Atatürk naquit en Anatolie (Turquie actuelle) sous le règne d’Abdülhamid II, Sultan tristement célèbre pour avoir allumé les premiers feux du génocide arménien.

L’empire Ottoman était alors une théocratie où régnait, sans partage, le Sultan qui s’appuyait sur un Clergé hiérarchisé, opposé à toute modernité.

Ce Sultanat était toutefois construit sur des allumettes : sa dette abyssale le rendait dépendant des grandes puissances européennes qui regardaient avec envie : « ce grand corps malade ».

Le militaire

Mustafa Kemal était avant tout un militaire, qui intégra, dès son plus jeune âge, l’école de guerre d’Istanbul (anciennement Constantinople). En 1905, il fut nommé capitaine, doté du surnom de « Kemal » : « la perfection ».

Héritier clandestin des Lumières

Ce fut de manière clandestine que Mustafa KEMAL débuta sa carrière politique : au sein du Parti Patrie et Liberté (inconcevable aujourd’hui dans la Turquie d’ERDOGAN) qui fustigeait dans les caves obscures d’Istanbul, le caractère rétrograde de l’Islam et dénommait l’ennemi : le clergé. On se serait crû en 1770, dans un salon parisien animé par Diderot, Rousseau ou Montesquieu, les grandes figures de la Révolution française, auxquelles Mustafa KEMAL n’avait cesse de faire référence.

Les Jeunes Turcs

Son groupe clandestin (le Vatan) fut vite découvert par les autorités et Mustafa KEMAL fut enfermé, pour quelques semaines, dans les geôles du Sultan. Il rejoignit en 1905 un régiment stationné à Thessalonique où il découvrit un courant frère du Vatan : Union et progrès. Il adhéra brièvement à ce mouvement initié par les « Jeunes Turcs » (parti révolutionnaire et nationaliste). Ces derniers accédèrent au pouvoir en 1908, à l’occasion d’une brève révolution. Les Jeunes Turcs, persécutés dans leurs premières heures en raison de leur athéisme, pouvaient remercier Mustafa KEMAL, alors en charge de l’armée de Macédoine.

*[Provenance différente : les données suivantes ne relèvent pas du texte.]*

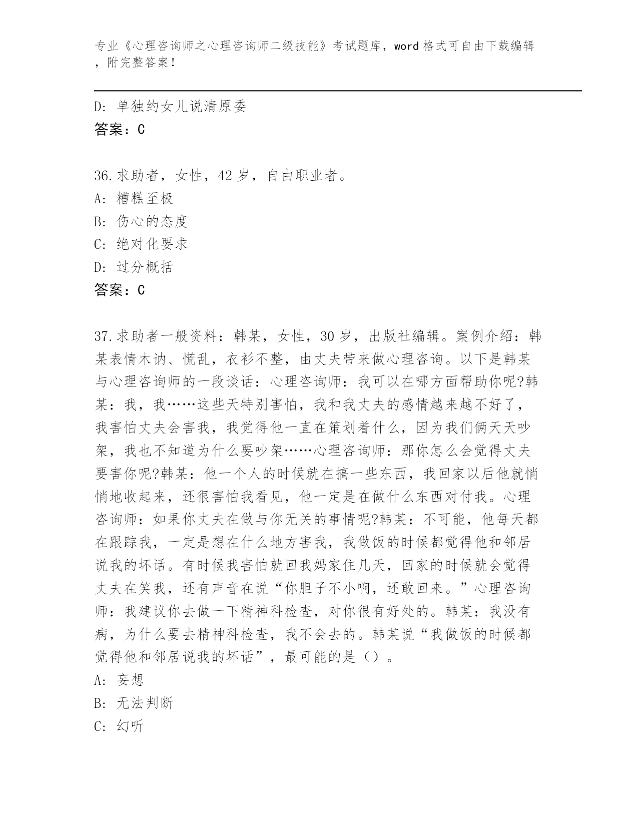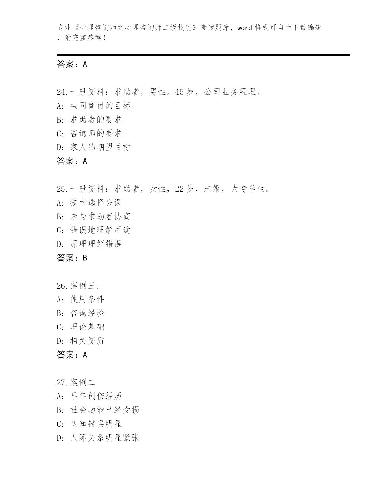 2024年山西省盂县《心理咨询师之心理咨询师二级技能》考试必刷200题完整版带答案(突破训练)

Mustapha KEMAL, entre 1911 et 1914, s’illustra comme protecteur de la nation ottomane, emportant quelques batailles stratégiques contre des nations européennes, sauvant ainsi son indépendance. Sa popularité n’avait cesse de grimper.

La Guerre

Les jeunes Turcs entrainèrent ensuite l’empire ottoman dans la première guerre mondiale aux côtés de l’Allemagne de Bismarck.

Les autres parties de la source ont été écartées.